To strive to safeguard the integrity of creation and sustain and renew the life of the earth
Any reflection on the fifth Mark of Mission, the mark that speaks to the stewardship of creation, would find a perfect foundation in the words of the Psalm 104. Psalm 104 is an ode to the earth as God’s creation. But more, it is a lyrical theology of God’s continuing presence, participation, and purpose in the earth and its creatures. I invite you to read the psalm in its entirety.
“O Lord, how manifold are your works! In wisdom you have made them all; the earth is full of your creatures.
“All [creation] looks to you to give them food in due season. You give it to them; they gather it; you open your hand, and they are filled with good things.”
This is the glory of the Lord, suggests the Psalmist, that the earth should be a resource for all of God’s creatures to have what they need to live—to be filled with good things, that the Lord may rejoice in “his works”
So if all the earth is intended to reveal and enable God’s wisdom, God’s love, God’s nurturing purpose, then the first point with respect to the Fifth Mark of Mission is to recognize that this sacred purpose is the integrity of creation that we have been called to safeguard. Creation has integrity as long as it serves the life-sustaining and nurturing purpose that God intends for all creatures. Our concern for the stewardship of the earth is not for the sole benefit of humankind, but for all that God has made. Said another way, with words that are growing in popularity, our concern is for Environmental Justice for all life.
Environmental Justice, therefore, is not about determining what is most profitable or even most beneficial for us as humans or as nations but what is most beneficial for the whole system of God’s wisdom as revealed in the earth and all life. Environmental Justice calls us to a broader vision of sustainable economic practices. Justice calls us to be transformed in our relationship with the earth for the glory of God.
This takes change. When I think about being transformed in my relationship with the earth, I think of how I consume. Psalm 104 speaks of God filling us with good things. Perhaps where I need to begin my transformation is in how I understand what it means to be filled. I would invite us to reflect on the connection between being filled and having enough. To be filled is to have enough. And yet, our hearts and our stomachs have been trained to always want more. When is enough enough? Or is enough never enough? This is a question for reflection that leads to transformation: what is enough?
Climate and environmental scientists speak of a rather grim future. It may be that the earth has reached a tipping point that is beyond recovery. Nevertheless, I choose to hold fast again to the words of Psalm 104: “[God sends forth God’s] Spirit, the world is created; and so God renews the face of the earth.”
God’s creative and loving purpose is never beyond the tipping point. Therefore, it remains our calling to serve this purpose through transformed living with expectant hope that the Spirit of God will bring renewal to the earth. Will we move with the Spirit’s direction in our choices for a sustainable and just economy for all creatures of the earth?
Here I invite us to reflect on the how this calling becomes an expression of the religious life.
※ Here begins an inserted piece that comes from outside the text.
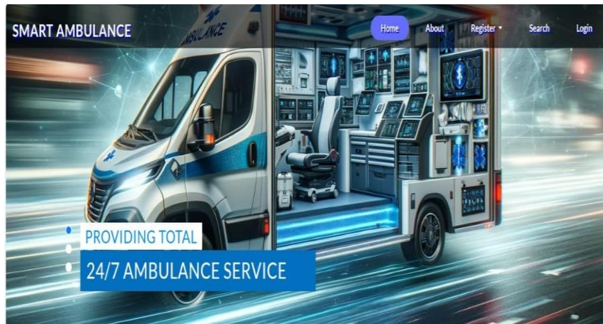
Fig 2.1 : Home Page

If we make seeking God’s justice and purpose the foundation for our transformed relationship with the earth, we will have as our goal a religious life. Environmental Stewardship, therefore, becomes an expression of our religion, what we bind to ourselves in service to God’s Mission in creating and in creation.
Stewardship of the Earth as religious expression: it has an interesting ring.
This past summer, the Chinook (King) Salmon run in the Yukon River was the weakest in history. There were so few fish making their way to spawn that the State of Alaska closed the fishery on the Yukon River. The reasons for the low numbers of fish are still being debated, but it seems clear that one real possibility is that the resource is being depleted through over-fishing by commercial fishing boats in the waters off shore. I would be greatly criticized for suggesting this reason in Alaska where commercial fishing is a major economic system and powerful interest. (What is enough commercial fishing?)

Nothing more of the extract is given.